Tetapi ketika ia ditanya tentang sahabat, tak satupun nama yang tersebut dari
bibirnya. Ada juga orang yang memiliki
musuh yang banyak, haters yang tidak
bersahabat. Namun ketika diminta berbicara mengenai sahabatnya, ia bukan hanya
menyebut nama, malah ia hadirkan sosok yang bernama sahabat itu. Kau termasuk
yang mana? Aah, semoga tidak keduanya ya. Semoga Allah memasukkan kita kepada
orang yang memiliki banyak teman, relasi kerja, rekan bisnis, banyak sahabat
serta tidak ada musuh. Oh, what a
beautiful world!
Bagiku,
sahabat adalah kata lain dari keluarga atau saudara. Mereka hadir tanpa
dipinta. Mereka datang tanpa diundang. Bahkan mereka membersamai kita tanpa
perjanjian. Tidak ada akad bahwa jika aku
sukses maka aku akan mendompleng kesuksesanmu dalam sebuah persahabatan. Ia
benar-benar sebuah ikatan tulus nan mulia. Tak perlu syarat tertentu untuk
menjadi seorang sahabat.
Dan
begitulah mereka yang berada di foto ini. Mereka adalah orang yang Allah
kirimkan kepadaku untuk menjadi orang yang membersamaiku.

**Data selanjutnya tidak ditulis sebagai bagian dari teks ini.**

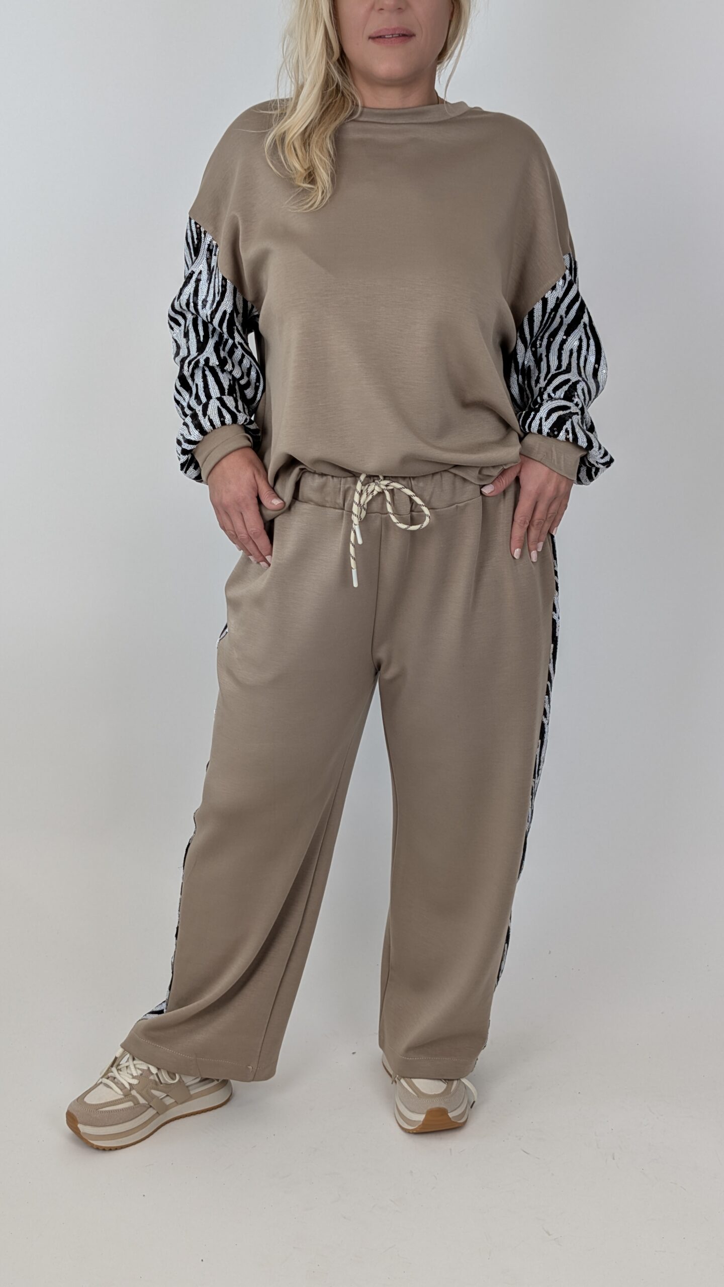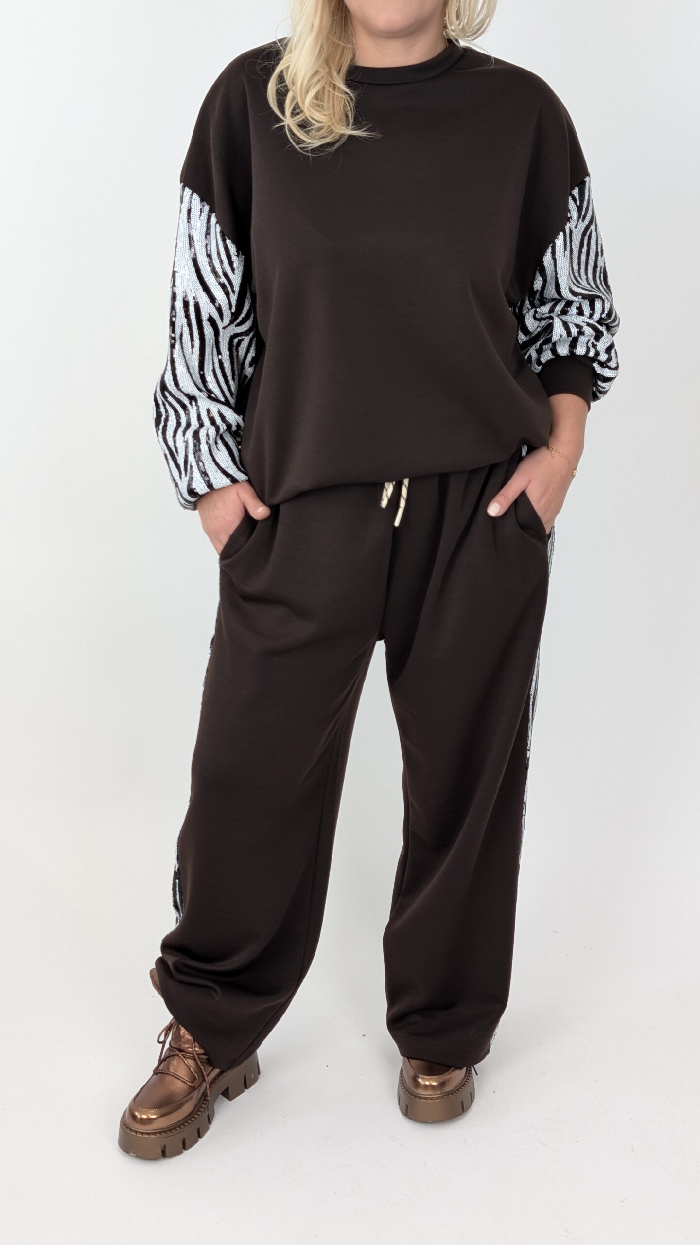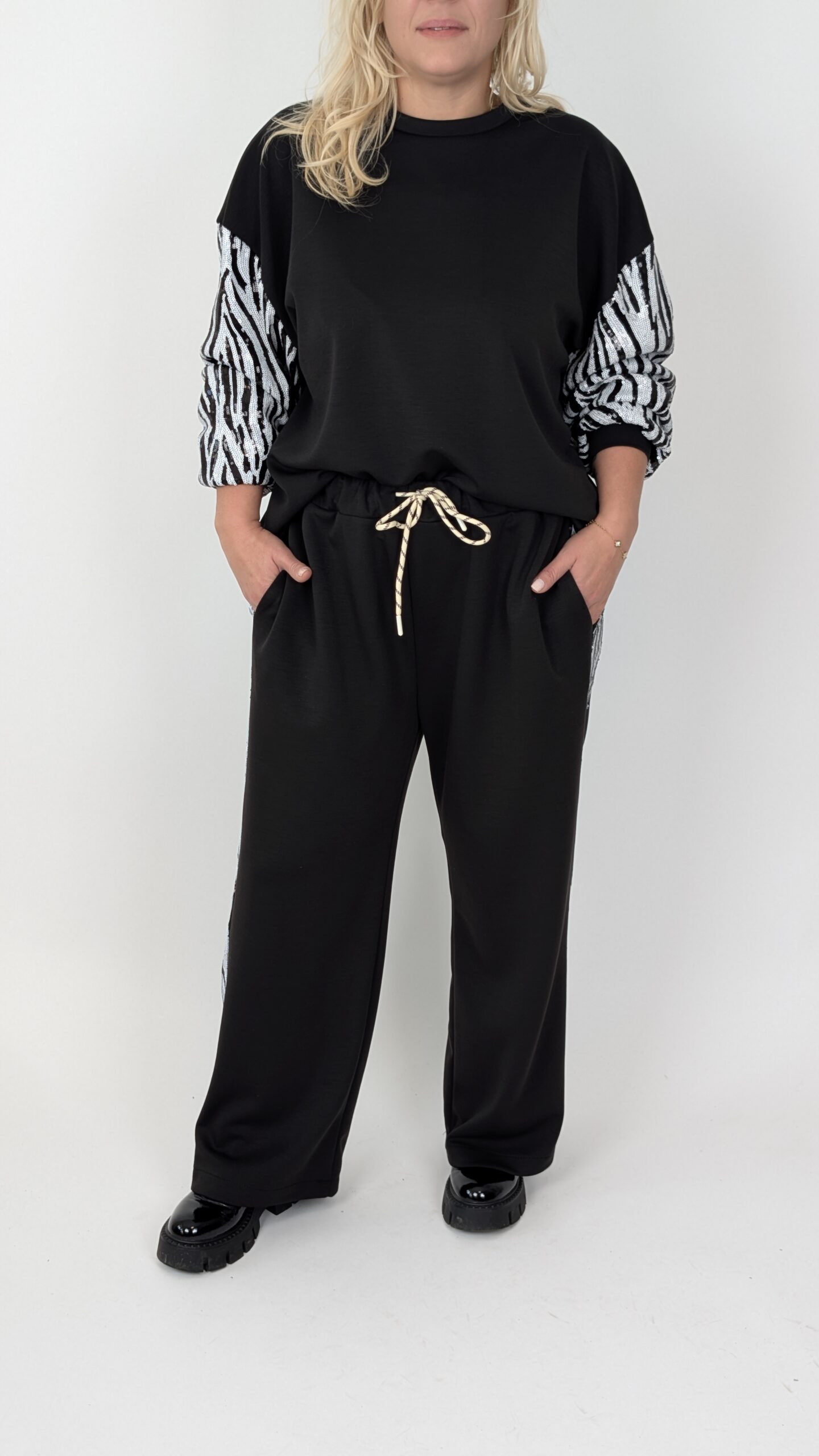 Hlače so popoln spoj udobja in glamurja. Narejene so iz viskozne mešanice, ki se lepo prilega telesu, a hkrati ohranja sproščen pad in lahkotnost. Ob straneh poteka bleščeč zebrast trak, ki subtilno podaljša silhueto in doda modni kontrast.

Mereka datang tanpa
ada syarat bahwa aku harus ini dulu harus itu dulu. Merekalah yang kemudian
menjadi sosok yang aku sebut dengan Sahabat.
Merekalah
yang mengisi sepanjang keseharianku selama berada di kota Metropolitan ini.
Ahh, tentunya tak terbayangkan bagi seorang anak kampung yang akhirnya
menginjakkan kaki dan menetap di sebuah kota yang termasuk kota besar di
Indonesia. Bukan hal yang mudah bagiku untuk menyesuaikan diri ketika pertama
kali di kota ini. Gaya bicara yang terkesan tegas dan blak-blakan menimbulkan shock batin. Merekalah yang kemudian
mengajariku menanggapinya. Banyaknya angkot dengan berbagai warna dan nomor di
jalanan kota Medan kerap kali membuatku bingung bahkan lupa aku harus naik angkot nomor berapa ya?. Dan
merekalah yang membuat daftar angkot plus dengan rutenya. Mereka juga yang siap
angkat telpon ketika satu hari aku tersesat dan bingung harus naik angkot yang
mana.
Mereka
juga yang melengkapi bahagiaku. Mengajakku berkeliling kota Medan yang
benar-benar aku tak tahu. Menikmati berbagai kuliner Medan yang katanya enak. Selalu
bertandang ke kos-kosan ku ketika aku bilang suntuk nih. Aah, mereka adalah alasan kenapa aku masih berbahagia
dan menikmati hidup di kota Metropolitan ini. Mereka jugalah yang menutupi
segala kesedihan dan lukaku. Menghapus air mata ketika judul proposal thesis
ditolak pembimbing. Mendengarkan dengan legowo semua keluh kesahku. Menjadi
bahu tempat aku bersandar ketika aku butuh seseorang yang menguatkan. Mereka
benar-benar membalut luka ku dengan rapi, tanpa sakit, tanpa perih.
Bersama
mereka, waktu berjalan terasa lebih cepat. Baru sebentar ngumpul, ee udah sore,
ee udah magrib. Seolah kita sedang berada di dimensi lain yang waktunya
berjalan lebih cepat. Bertemu dengan mereka itu hukumnya seperti wajib. Jika
sehari tak bertemu, kok rasanya ada yang kurang ya, akhirnya pertemuan itu
diganti dengan nyerocos panjang di grup. Masha Allah
Bersama
mereka, semua topik pembicaraan menjadi sesuatu hal yang menarik untuk
dibicarakan. Dan kabar baiknya kami membicarakan semua hal. Hal yang menarik,
menantang, seru biasanya tidak luput dari pembicaraan kami. Misalnya
pembicaraan mengenai betapa letihnya menghadapi tugas kuliah yang datangnya bak
banjir. Kuliah master itu memang tatap muka nya 3 kali dalam seminggu, its mean you have 4 days to get holiday.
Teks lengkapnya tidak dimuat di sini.